Are there limitations?
This book might be said to share (in parts) a problem with some of Robert Whitaker’s writing. Both writers refuse the simplistic manner in which psychiatry may paint experiences as secondary to biology, a simple arrow of causation from brain to person, and in doing so they stand on very established ground. However, when describing the damage caused by psychiatric drugs, they seem much happier to then re-explain experience as secondary to this damage, without the non-reductionist understandings for which they convincingly argued minutes before. That said, the discussion of the damage caused by psychiatric drugs makes for alarming reading, and, although I am no neuroscientist, does tally very well with experiences I have witnessed first hand (and with the work of Joanna Moncrieff, for example).

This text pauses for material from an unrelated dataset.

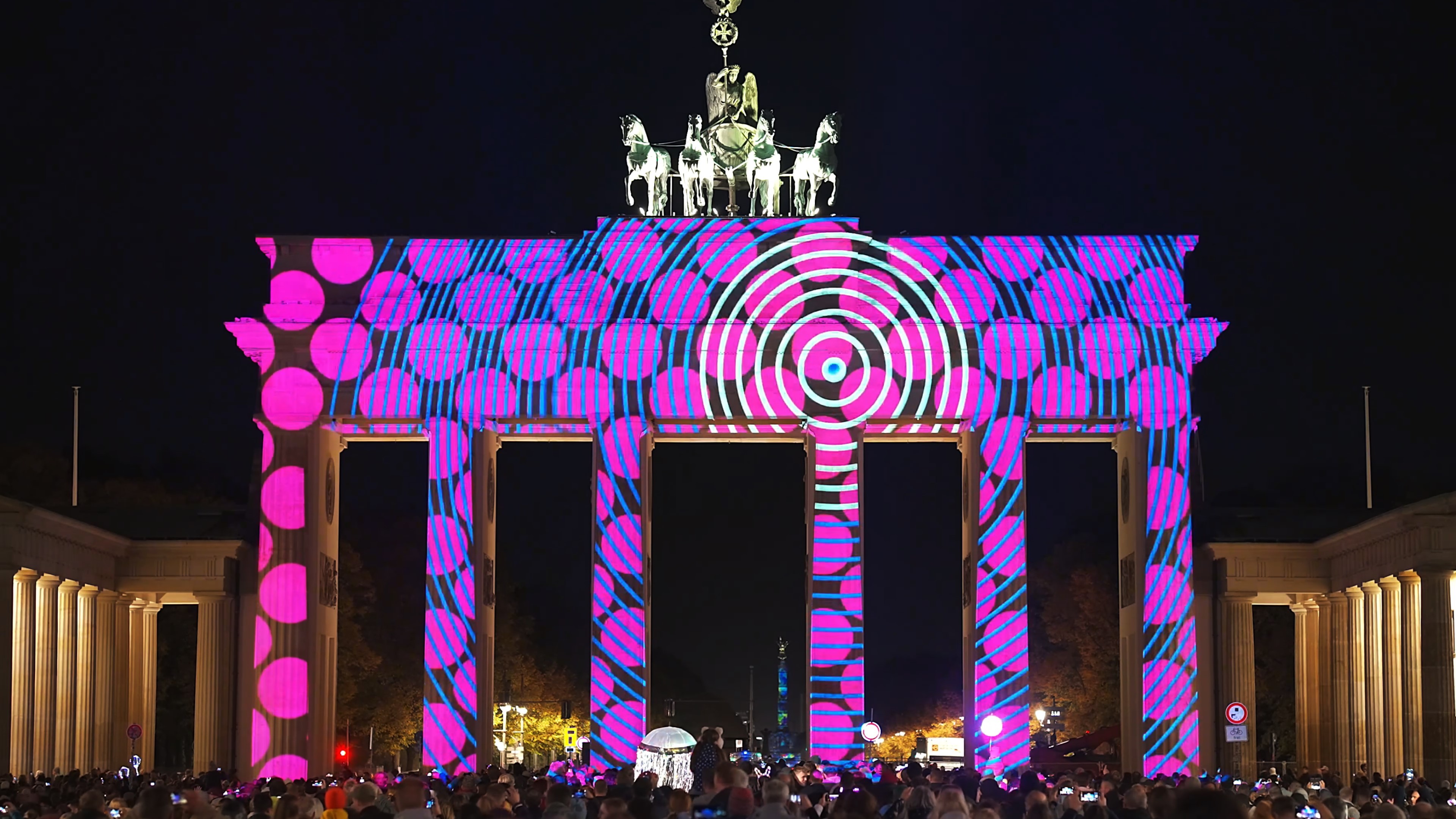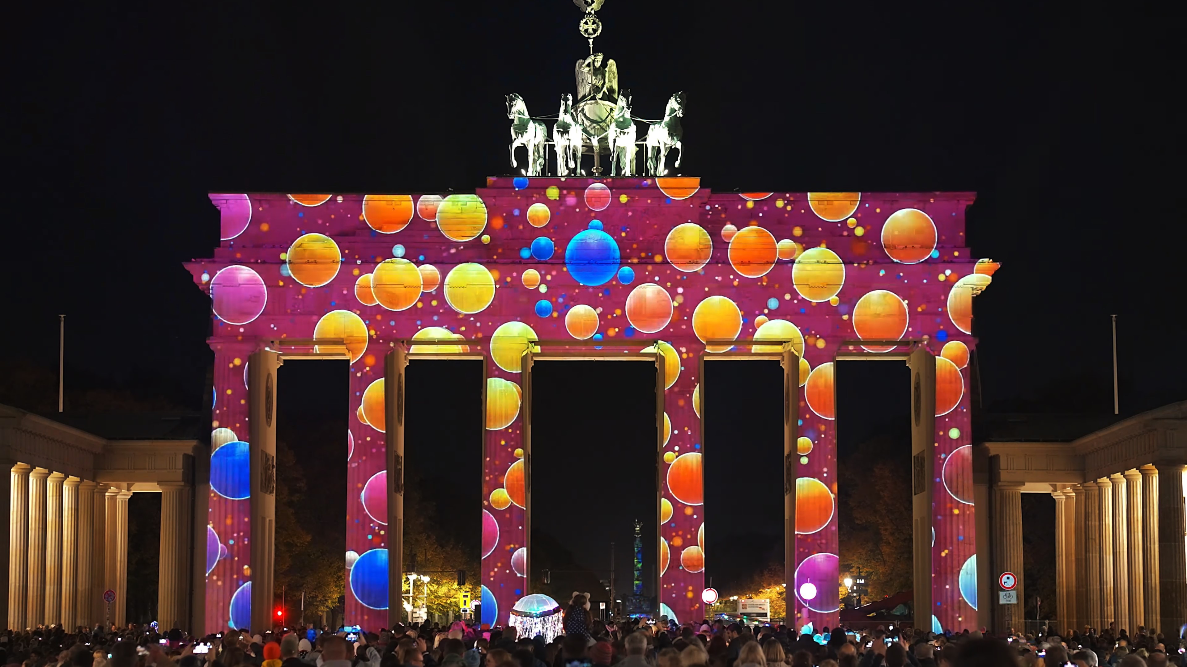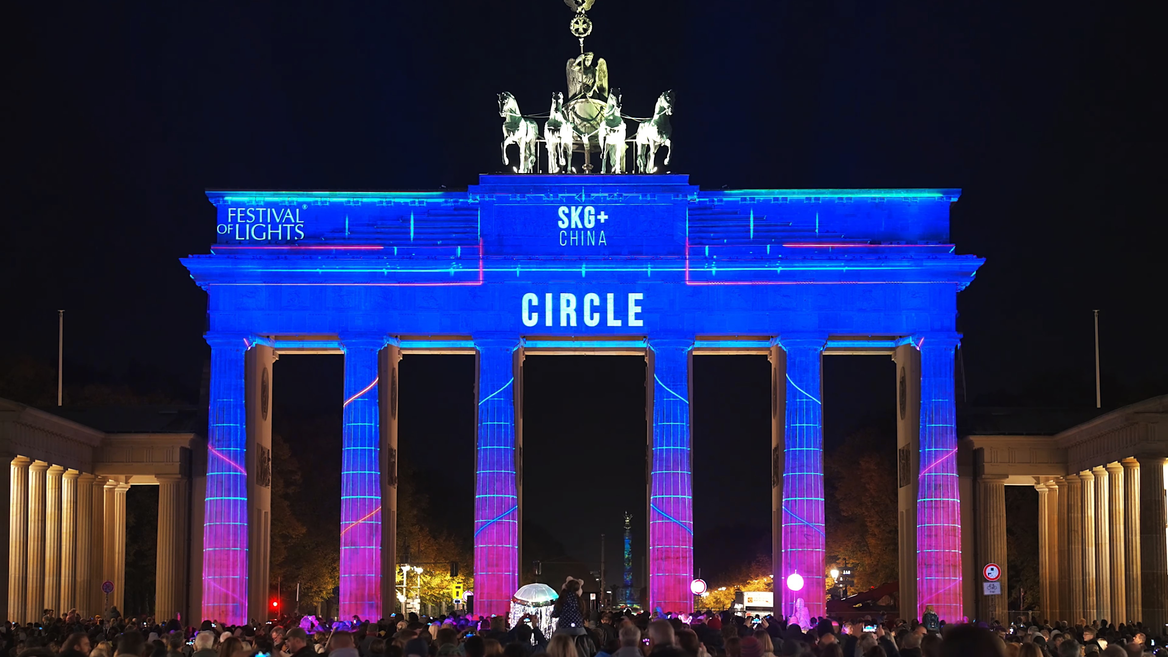 作品《圆》于2024年柏林灯光节勃兰登堡门上演。圆是一个伟大的图形,不仅在形态上具备包容性与完整性,还象征着完美、循环、团圆、团结与和谐。圆形在不同文化中都被视为团结与和谐的象征:如中国节日中的汤圆和月饼,寓意家庭的团聚与吉祥;古希腊的圆形庙宇和剧场,体现他们对完美与对称的追求;北欧神话中的圆形符文,则代表宇宙的循环与世界的连接。在现代社会亦如此,圆在数学与科学中代表重要的节点与连接点,在艺术与设计中赋予作品平衡感与视觉张力。圆同时传达着个体之间的联系与依赖,象征着社区与社会的团结与和谐。圆也寓意生命的轮回。我们在2023年柏林灯光节的作品,表达了对逝去生命的敬畏;而今年,因为我的宝宝即将降生,我又联想到生命的诞生。所以整部作品也围绕“生命”展开叙述:生命是人类最伟大的奇迹与光芒。在表现手法上,我们结合二维与三维的视觉形式,以圆为唯一的基本元素,通过颜色、大小、粗细等变化,营造出丰富的视觉层次。正如人类有着不同的性别、人种、信仰,不同的圆形也彼此关联:蓝色与黄色圆形叠加,生成新的绿色;小圆虽在面积上远小于大圆,却依旧保持完整。最终,当所有圆融合在一起时,便展现出一种完美的整体,传达团结与和谐的美好愿景。
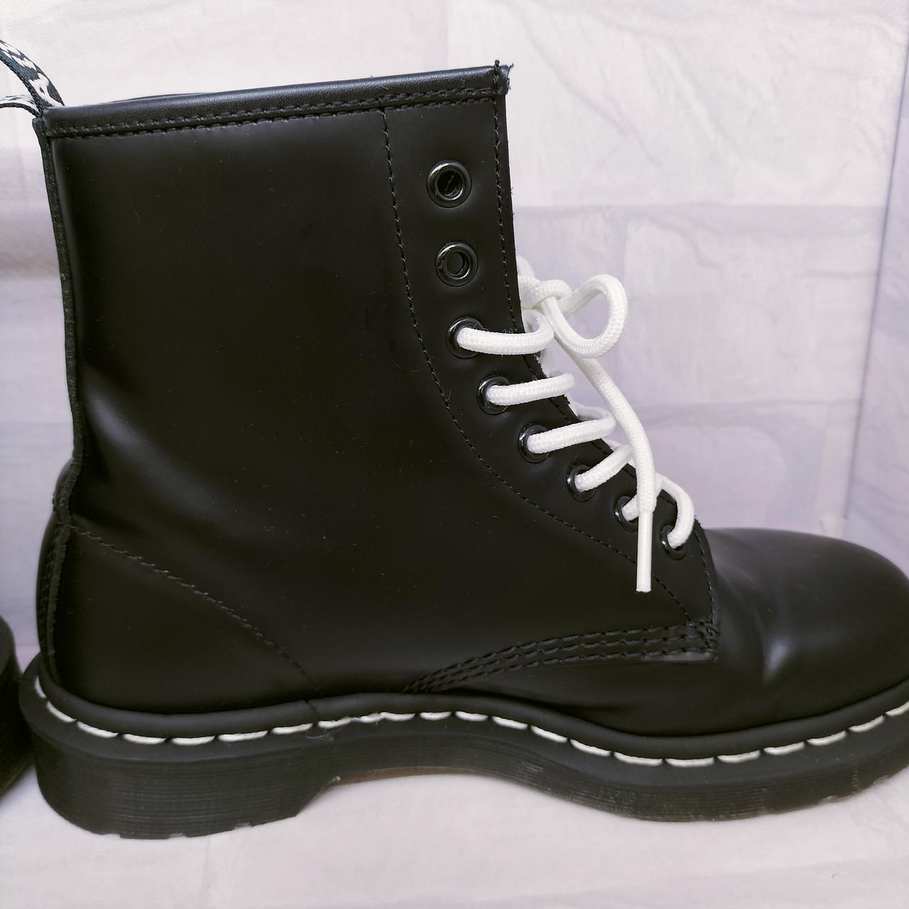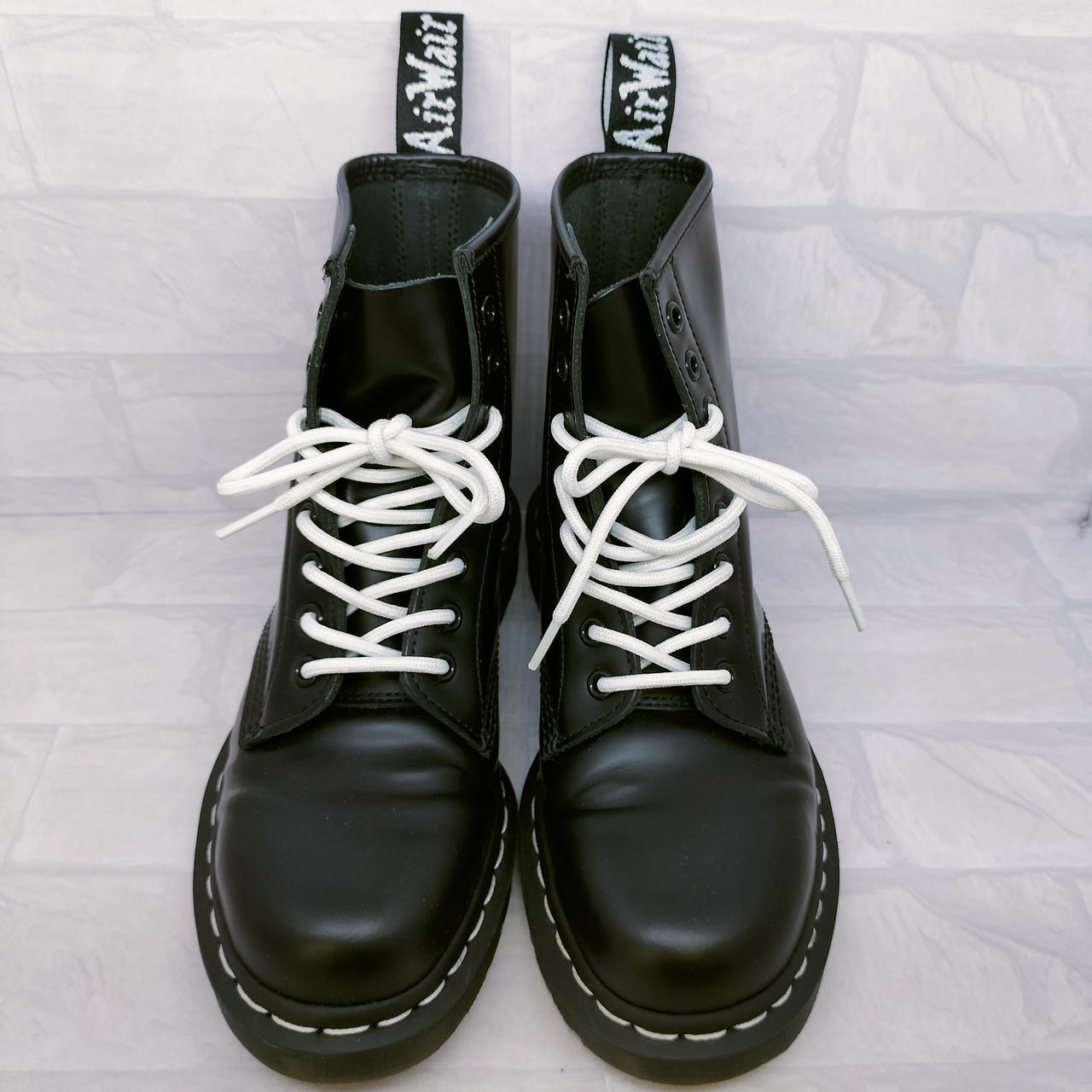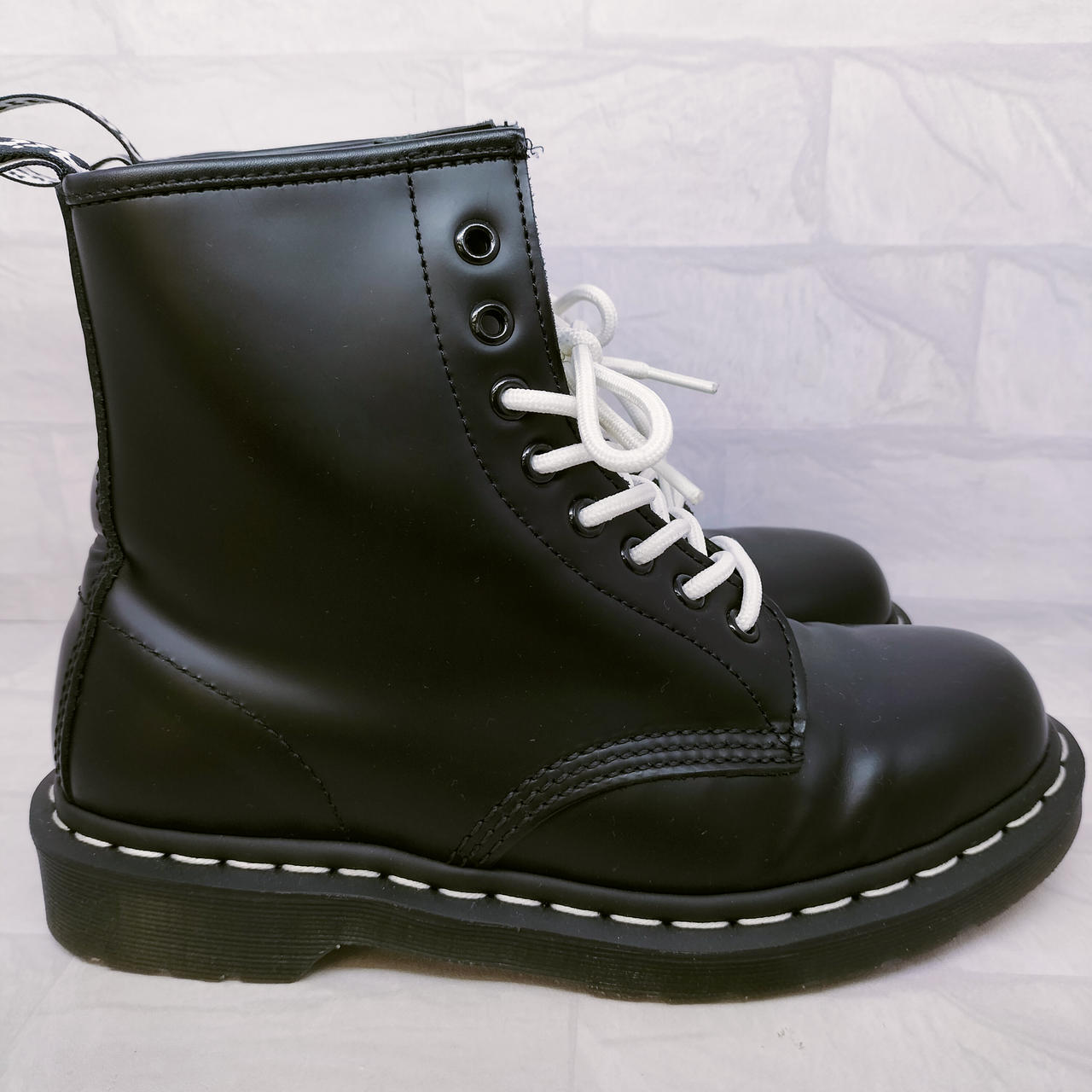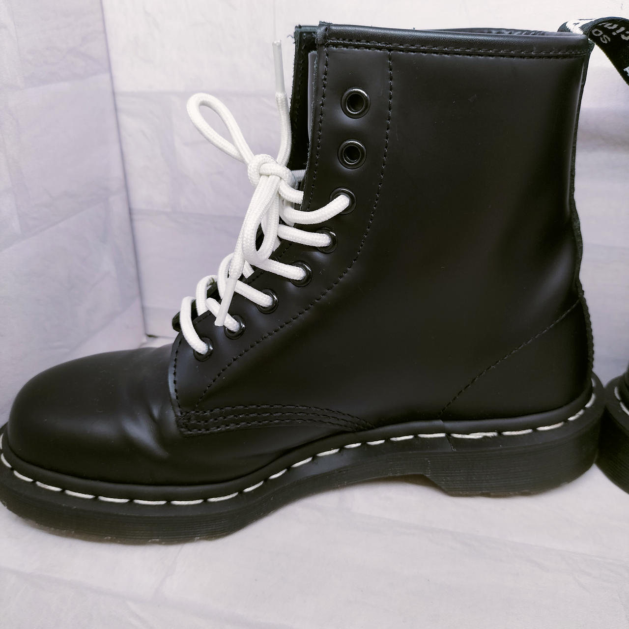 ホワイトステッチの8ホールブーツ |

Realisations I do not know what to do with, an approach which views psychiatry as part of state power and the common human practice of ‘othering’, dramatically argued chapters about the illegitimacy and corruption of psychiatric treatments and their deliberately damaging effects: one can see that to read this book is to be caught in a meta-narrative of urgent and global consequences, of moral polarisation and imperative. It is a book written in such a way as to produce two possible outcomes – to create revolution or to be ignored. Therein lies its great difficulty, and depending on what you feel about psychiatry – perhaps what you already feel before you pick the book up – you will likely either see the two options as a problem which is located in Burstow’s head (leading to an dismissal of the text, which is uncomfortable given her credentials and the highly referenced and logically-argued nature of much of it), or a problem located in psychiatry and society (leading to the sense of great unrest and urgency she would endorse). As such, one could argue that Burstow has very faithfully presented the world (and critical mental health discourse) as it is.
This problem is crystallised in the final chapter, entitled Dusting Ourselves Off and Starting Anew. If one views the problem of psychiatry as being part of a grand narrative about power, if the problem is on a global scale, then the solutions one has to propose must be too. The result is an enormously idealistic closing chapter, and, just as before, depending on your point of view you may see it as essential, brave and perhaps even prophetic, or else naive, opinionated and utopian. You may feel that in widening the discussion to war, gender inequality and the environment Burstow is going ‘off-topic’, or else you may feel that she is finally getting the the heart of the matter. With subheadings such as Daring to Dream and A Better World, I would imagine that Burstow would be aware of this, saying that it is a matter for professional to “decide whose side they are on” (262). There are some sections on trauma I will certainly return to. My own feeling is that your point of view is likely to be shaped by your experience of power: if you have it, it is generally hard to see what all the fuss is about. It would be wrong to conclude that this book is somehow all just a matter of strong opinion to either like or dislike. The mainstream and more accepted face of mental health services is obviously no less caught in a narrative: one which raises certain ideas to high prominence while sweeping huge problems (bad science, corruption, discrimination, harm, history) under the carpet. Those who reject the central arguments of this book will probably find it very difficult to explain why. And that suggests that it is crucial reading.